*** PROVIDED ENTRIES Section Begins ***
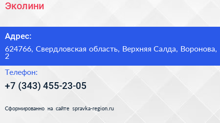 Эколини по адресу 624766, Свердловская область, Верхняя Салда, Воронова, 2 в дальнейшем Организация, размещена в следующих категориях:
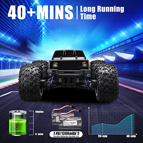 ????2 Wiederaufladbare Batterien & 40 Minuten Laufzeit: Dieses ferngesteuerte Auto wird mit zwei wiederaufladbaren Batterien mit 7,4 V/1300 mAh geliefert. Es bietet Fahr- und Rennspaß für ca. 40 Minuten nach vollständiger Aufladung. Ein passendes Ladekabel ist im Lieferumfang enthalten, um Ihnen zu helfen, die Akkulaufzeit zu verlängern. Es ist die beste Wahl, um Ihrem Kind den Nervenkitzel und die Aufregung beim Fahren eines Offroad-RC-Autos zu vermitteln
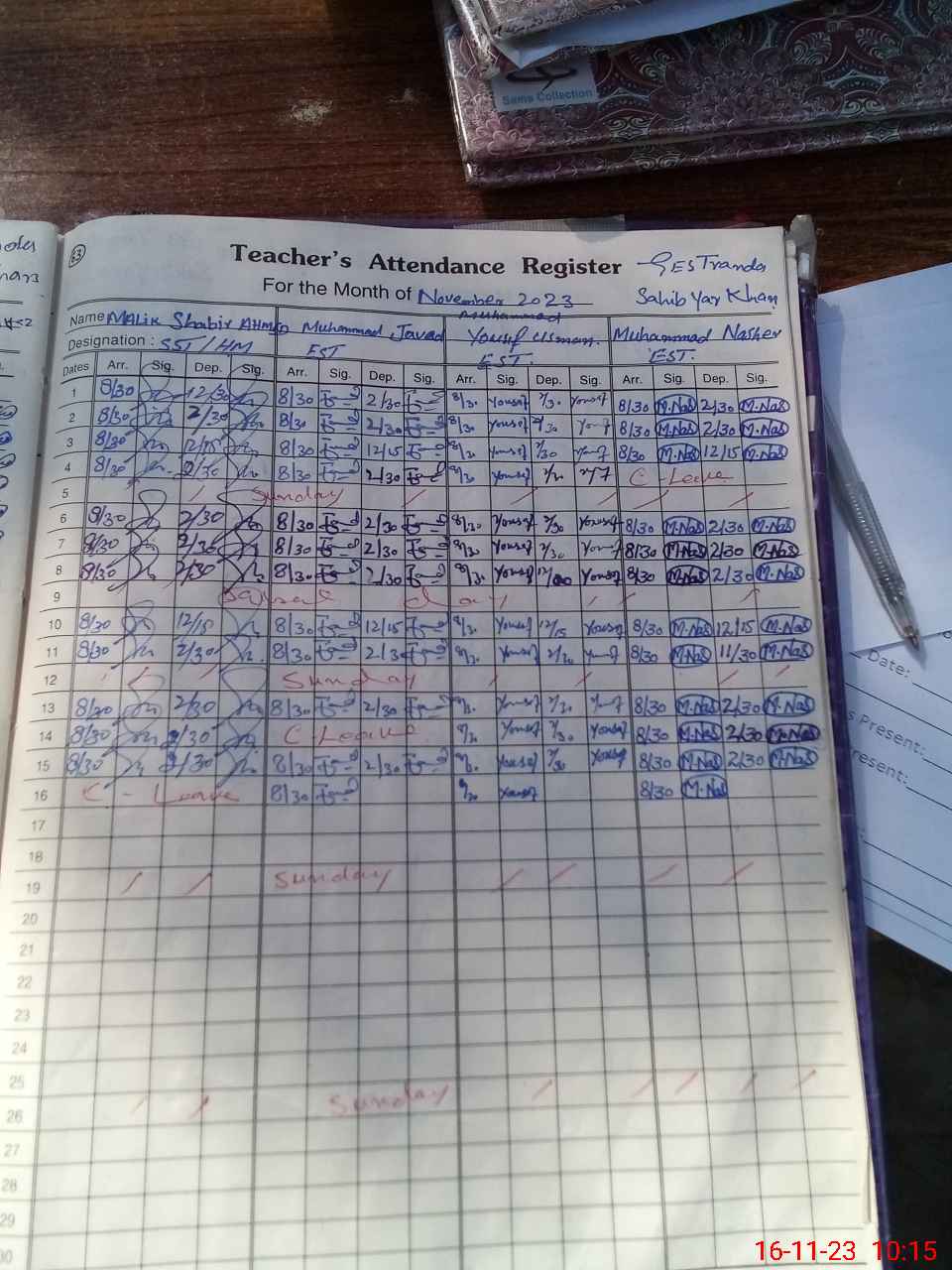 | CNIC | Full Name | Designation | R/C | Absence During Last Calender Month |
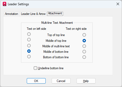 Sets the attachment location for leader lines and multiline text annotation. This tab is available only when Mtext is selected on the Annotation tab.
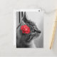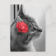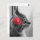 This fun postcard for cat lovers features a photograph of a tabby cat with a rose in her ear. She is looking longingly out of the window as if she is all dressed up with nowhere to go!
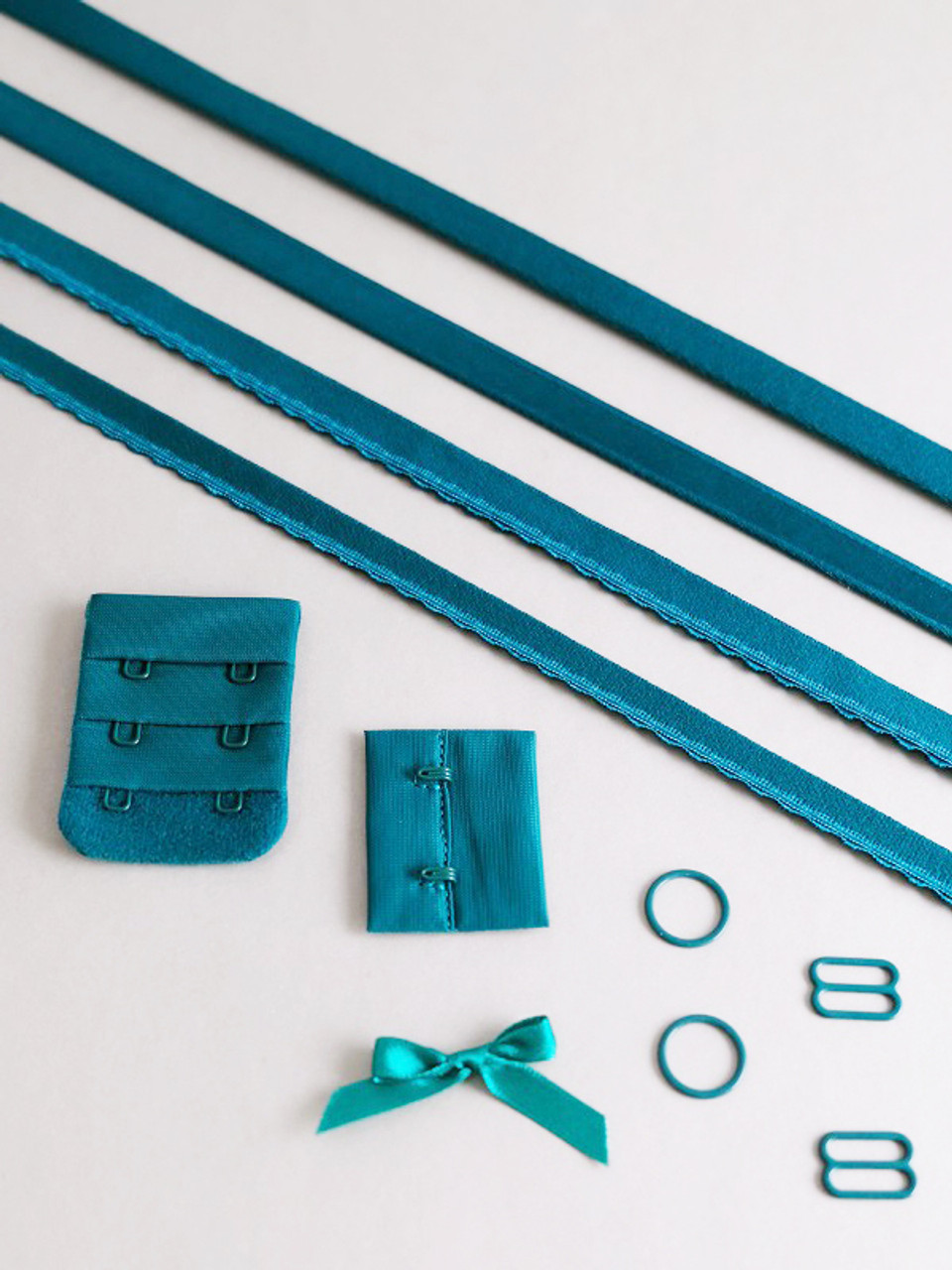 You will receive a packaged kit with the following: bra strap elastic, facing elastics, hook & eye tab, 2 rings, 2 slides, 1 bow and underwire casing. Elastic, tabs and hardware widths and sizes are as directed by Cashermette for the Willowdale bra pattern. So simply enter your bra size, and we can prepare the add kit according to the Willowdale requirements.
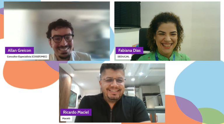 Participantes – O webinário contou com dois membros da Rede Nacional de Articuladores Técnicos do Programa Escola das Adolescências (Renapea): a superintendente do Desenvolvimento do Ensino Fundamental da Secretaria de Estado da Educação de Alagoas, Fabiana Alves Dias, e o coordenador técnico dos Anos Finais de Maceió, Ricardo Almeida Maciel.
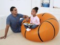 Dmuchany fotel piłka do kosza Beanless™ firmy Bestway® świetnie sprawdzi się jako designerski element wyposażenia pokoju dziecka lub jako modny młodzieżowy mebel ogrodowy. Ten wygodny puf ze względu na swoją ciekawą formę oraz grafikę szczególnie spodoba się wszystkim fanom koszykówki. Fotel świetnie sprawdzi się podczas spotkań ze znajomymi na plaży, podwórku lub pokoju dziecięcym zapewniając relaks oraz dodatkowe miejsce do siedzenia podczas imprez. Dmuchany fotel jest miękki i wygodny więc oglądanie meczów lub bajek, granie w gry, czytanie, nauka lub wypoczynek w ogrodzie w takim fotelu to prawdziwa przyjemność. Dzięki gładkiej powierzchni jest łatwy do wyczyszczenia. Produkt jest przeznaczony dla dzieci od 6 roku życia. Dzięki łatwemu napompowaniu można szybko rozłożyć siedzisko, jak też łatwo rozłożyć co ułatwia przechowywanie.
*** PROVIDED ENTRIES Section Ends ***
*** PROVIDED ENTRIES Section Begins ***
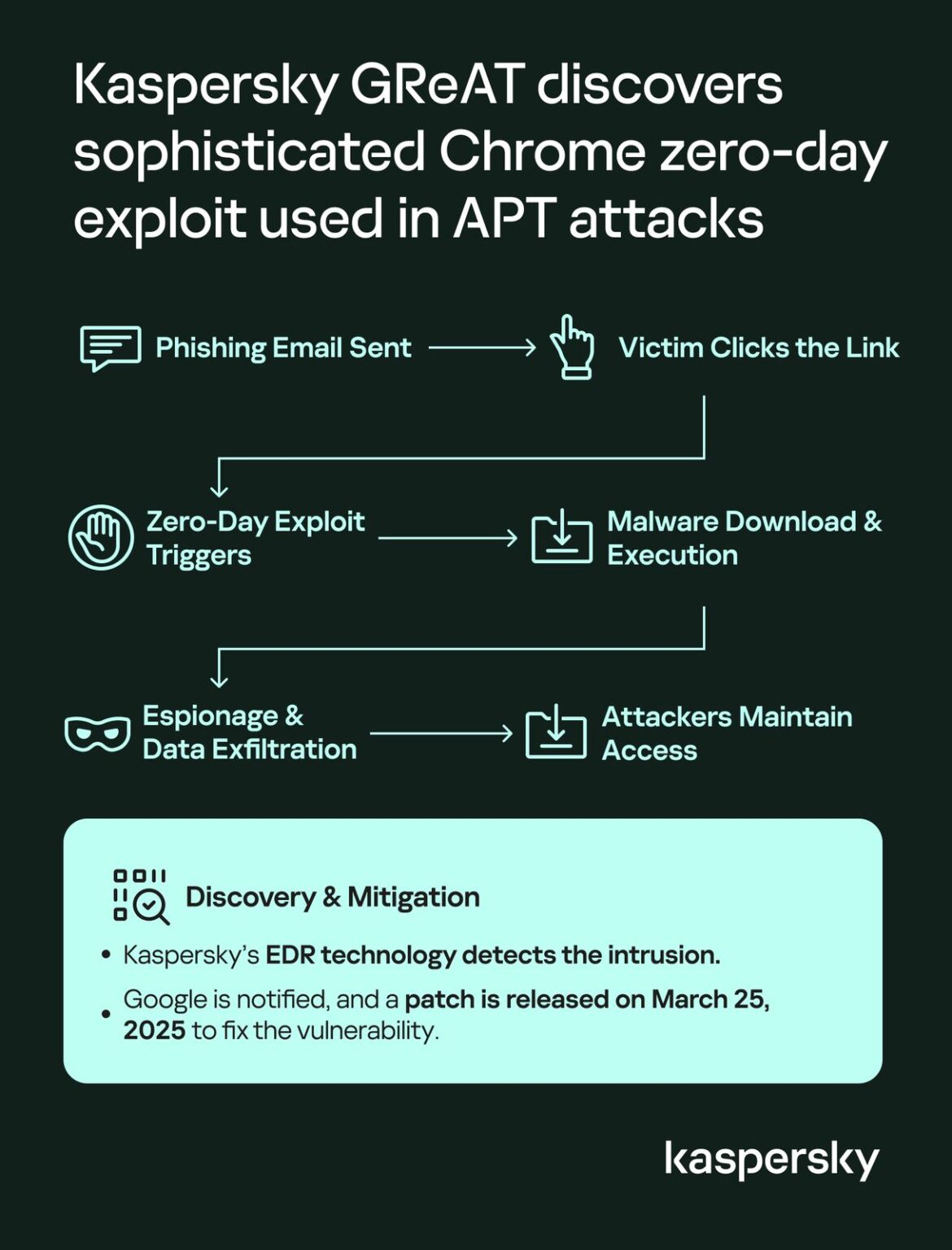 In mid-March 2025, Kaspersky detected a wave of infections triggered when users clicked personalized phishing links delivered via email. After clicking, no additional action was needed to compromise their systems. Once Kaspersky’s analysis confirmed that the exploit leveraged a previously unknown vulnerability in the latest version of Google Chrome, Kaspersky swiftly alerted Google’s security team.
*** PROVIDED ENTRIES Section Ends ***
WHAT TO WORK ON: From the records above, copy only the lines running from the line containing "Calender Month |" to the line containing "Participantes – O", both ends included. Leave the pictures out.

TASK RESULT:
 | CNIC | Full Name | Designation | R/C | Absence During Last Calender Month |
 Sets the attachment location for leader lines and multiline text annotation. This tab is available only when Mtext is selected on the Annotation tab.
 This fun postcard for cat lovers features a photograph of a tabby cat with a rose in her ear. She is looking longingly out of the window as if she is all dressed up with nowhere to go!
 You will receive a packaged kit with the following: bra strap elastic, facing elastics, hook & eye tab, 2 rings, 2 slides, 1 bow and underwire casing. Elastic, tabs and hardware widths and sizes are as directed by Cashermette for the Willowdale bra pattern. So simply enter your bra size, and we can prepare the add kit according to the Willowdale requirements.
 Participantes – O webinário contou com dois membros da Rede Nacional de Articuladores Técnicos do Programa Escola das Adolescências (Renapea): a superintendente do Desenvolvimento do Ensino Fundamental da Secretaria de Estado da Educação de Alagoas, Fabiana Alves Dias, e o coordenador técnico dos Anos Finais de Maceió, Ricardo Almeida Maciel.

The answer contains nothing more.